Print version ISSN 0103-8478

Cienc. Rural vol.41 no.3 Santa Maria Mar. 2011

https://doi.org/10.1590/S0103-84782011000300013 

ARTIGOS CIENTÍFICOS
FITOTECNIA

 

Carbono e nitrogênio de um Argissolo Vermelho sob floresta, pastagem e mata nativa

 

Carbon and nitrogen of an Alfisol under forest, pasture and native forest

 

 

Clenio Nailto PillonI, 1; Daiane Carvalho dos SantosII; Cláudia Liane Rodrigues de LimaIII; Lidiane Oliveira AntunesIII

IEmbrapa Clima Temperado, Pelotas, RS, Brasil
IIDepartamento de Solos, Universidade Federal de Pelotas (UFPel), 96010-900, Pelotas, RS, Brasil. E-mail: santos.daianec@gmail.com
IIIUFPel, Pelotas, RS, Brasil

 

 


RESUMO

O monitoramento da matéria orgânica do solo (MOS) constitui um indicador da qualidade do sistema de uso adotado. No Sul do Brasil, são escassos os trabalhos que avaliam as alterações no carbono orgânico total (COT), nitrogênio total (NT) e a labilidade da MOS em sistemas de produção florestal. Diante desse contexto, este estudo teve como objetivo avaliar a concentração de COT e de NT no solo e na fração leve e livre (FLL) da MOS de um Argissolo Vermelho distrófico sob eucalipto após 13 e 20 anos de implantação, adotando-se a mata nativa e um sistema com produção de pastagem como áreas de referência. Além disso, foi quantificado o estoque de COT e de NT na serrapilheira e na liteira das áreas florestais. As avaliações foram feitas, aleatoriamente, em três trincheiras por área, nas camadas de 0,00 a 0,05; 0,05 a 0,10; 0,10 a 0,20 e 0,20 a 0,40m. Maiores concentrações de COT, de NT e da FLL foram verificadas na camada superficial, sendo estas favorecidas pela adição de resíduos vegetais e pela minimização das operações de revolvimento do solo.

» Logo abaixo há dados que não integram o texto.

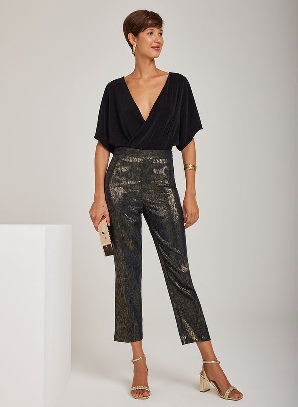 A Calça é confeccionada em tecido plano com fios de lurex com efeito dourado, possui modelagem em alfaiataria, caimento reto, bolsos posteriores e fechamento lateral por zíper invisível.

Palavras-chave: uso do solo, qualidade do solo, eucalipto.


ABSTRACT

The monitoring of soil organic matter content (MOS) has been considered soil quality indicator. Few studies, in Southern Brazil, have evaluated changes in the total organic carbon (COT), total nitrogen (NT) and in the lability of MOS in forestry systems. This study aimed to evaluate the COT, NT and free light fraction of MOS from 0.00 to 0.05, 0.05 to 0.10, 0.10 to 0.20 and 0.20 to 0.40m depths of the Alfisol under eucalyptus, native forest and pasture. In addition, it was quantified the stock of COT and NT in plant residues in forestry areas. The concentration of COT and NT and labile fractions of MOS increased favored by the addition of vegetables residues and by minimizing soil disturbance.

Key words: soil management, soil quality, eucalyptus.


 

 

INTRODUÇÃO

O Brasil possui 42% de sua superfície coberta por florestas nativas densas, 7% por florestas naturais abertas e 17% por outras formas de vegetação (CORREA, 2005). Existem 412 milhões de hectares de florestas com potencial madeireiro, 167 milhões constituem reservas indígenas, parques nacionais e florestas de domínio público. Além da floresta nacional, 4,8 milhões de florestas foram plantadas, 3 milhões com eucalipto e o restante com pinus. As florestas plantadas estão distribuídas, em sua maioria, no Paraná, Rio Grande do Sul, Santa Catarina, São Paulo, Minas Gerais e Espírito Santo (RIBASKI, 2008).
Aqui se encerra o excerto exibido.